Considerado um dos álbuns mais esperados do ano pela Pitchfork, o maestro brasileiro de jazz Amaro Freitas quebra as convenções em “Y’Y”.

Há um momento durante Y’Y, o deslumbrante novo álbum do pianista e compositor de jazz brasileiro Amaro Freitas, aparentemente projetado para ressoar em nossos tímpanos e chocar nossa mente. Isso acontece na metade da aventura de oito minutos “Dança dos Martelos”, depois que Freitas já ofereceu três peças magistralmente tocadas no piano e piano preparado. Abrindo com a flutuante e refrescante “Mapinguari (Encantado da Mata)”, Freitas passa para uma exploração melódica hipnótica de quatro minutos com o piano como tambor em “Uiara (Encantada da Água) – Vida e Cura” e então chega a vez de “Viva Naná”, que imita com chocalhos, assobios, percussão e voz os sons da bacia amazônica.

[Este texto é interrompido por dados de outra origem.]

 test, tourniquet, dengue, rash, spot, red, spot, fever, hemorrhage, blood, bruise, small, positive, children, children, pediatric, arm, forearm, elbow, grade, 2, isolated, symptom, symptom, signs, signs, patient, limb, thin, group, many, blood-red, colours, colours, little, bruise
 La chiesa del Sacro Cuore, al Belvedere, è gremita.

Após provar suas habilidades no piano, na metade da suavemente percussiva “Dança dos Martelos”, Freitas se solta e começa a bater vigorosamente sua mão nas teclas como se estivesse em desgosto. Ele golpeia as notas como se estivesse usando uma faca. Como se estivesse perdendo o controle, ele e a banda mergulham em uma melodia incessante e repetitiva, constantemente interrompida por um acesso de raiva. Esses agrupamentos rítmicos, ao mesmo tempo uma afirmação e uma negação, são os mais chocantes e marcantes neste álbum denso de jazz piano destemido e sublimemente dinâmico.

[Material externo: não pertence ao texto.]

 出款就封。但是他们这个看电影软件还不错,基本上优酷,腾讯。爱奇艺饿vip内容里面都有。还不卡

O terceiro álbum do artista chega três anos após o aclamado Sankofa ter figurado em muitas listas de fim de ano. Nesse trabalho, Amaro Freitas, que nasceu e cresceu no extremo leste do Brasil, na cidade de Recife, interagiu com uma seção rítmica para apresentar oito odes a diferentes músicos brasileiros.

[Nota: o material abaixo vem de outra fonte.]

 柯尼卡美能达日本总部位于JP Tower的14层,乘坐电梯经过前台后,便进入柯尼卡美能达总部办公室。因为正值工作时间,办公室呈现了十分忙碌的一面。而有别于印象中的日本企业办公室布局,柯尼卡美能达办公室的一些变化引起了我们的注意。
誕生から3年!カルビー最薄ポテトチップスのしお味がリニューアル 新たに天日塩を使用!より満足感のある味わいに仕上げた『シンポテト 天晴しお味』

Amaro Freitas- Abertura do Carnaval de Recife 2024. Homenagem a Naná Vasconcelos

Amaro Freitas

Para o Y’Y, Freitas fixou sua visão temática na bacia amazônica e no povo indígena Sateré-Mawé da região. Mesmo longe de Recife, o ambiente inspirou o pianista a experimentar “um novo reino de criação musical, enraizado na magia e na possibilidade e temperado por um senso de administração das generosidades da terra...”. Ele entrou no estúdio com um grupo de peso, muitos dos quais ele conheceu durante a turnê de Sankofa: o flautista-saxofonista Shabaka Hutchings (Sons of Kemet, The Comet is Coming), a harpista Brandee Younger (Makaya McCraven, Meshell Ndegeocello), o guitarrista Jeff Parker (Tortoise, Isotope 217), o baterista Hamid Drake (Don Cherry, Herbie Hancock) e o contrabaixista cubano Aniel Someillan.

Em “Uiara”, Freitas guia um arco eletrônico pelas cordas do piano como uma forma de “gerar ruídos como o do boto cor-de-rosa”, conforme explicado nas notas de lançamento. Em outra parte, Freitas usa fita adesiva para distorcer as cordas do piano “para emular o som de sintetizadores” e, de outra forma, mexer com a mecânica de seu instrumento. “Mar de Cirandeiras” vibra como uma peça de jazz ambiente da ECM de meados dos anos 1970, repleta de vocalistas sinistros à la Eberhard Weber. Amaro toca as teclas tão suavemente em alguns pontos que é possível ouvir o contato do martelo, mas não a reação da corda.

Em meio a todos esses elementos, o pianista cria milagre após milagre. É raro um álbum de jazz para piano como Y’Y - cheio de tanta energia espontânea, com tantas habilidades de tirar o fôlego e uma abordagem tão singular. Repleto de tantas reviravoltas como um filme de Quentin Tarantino, Y’Y é um disco para se perder. Ouça alto e com intenção.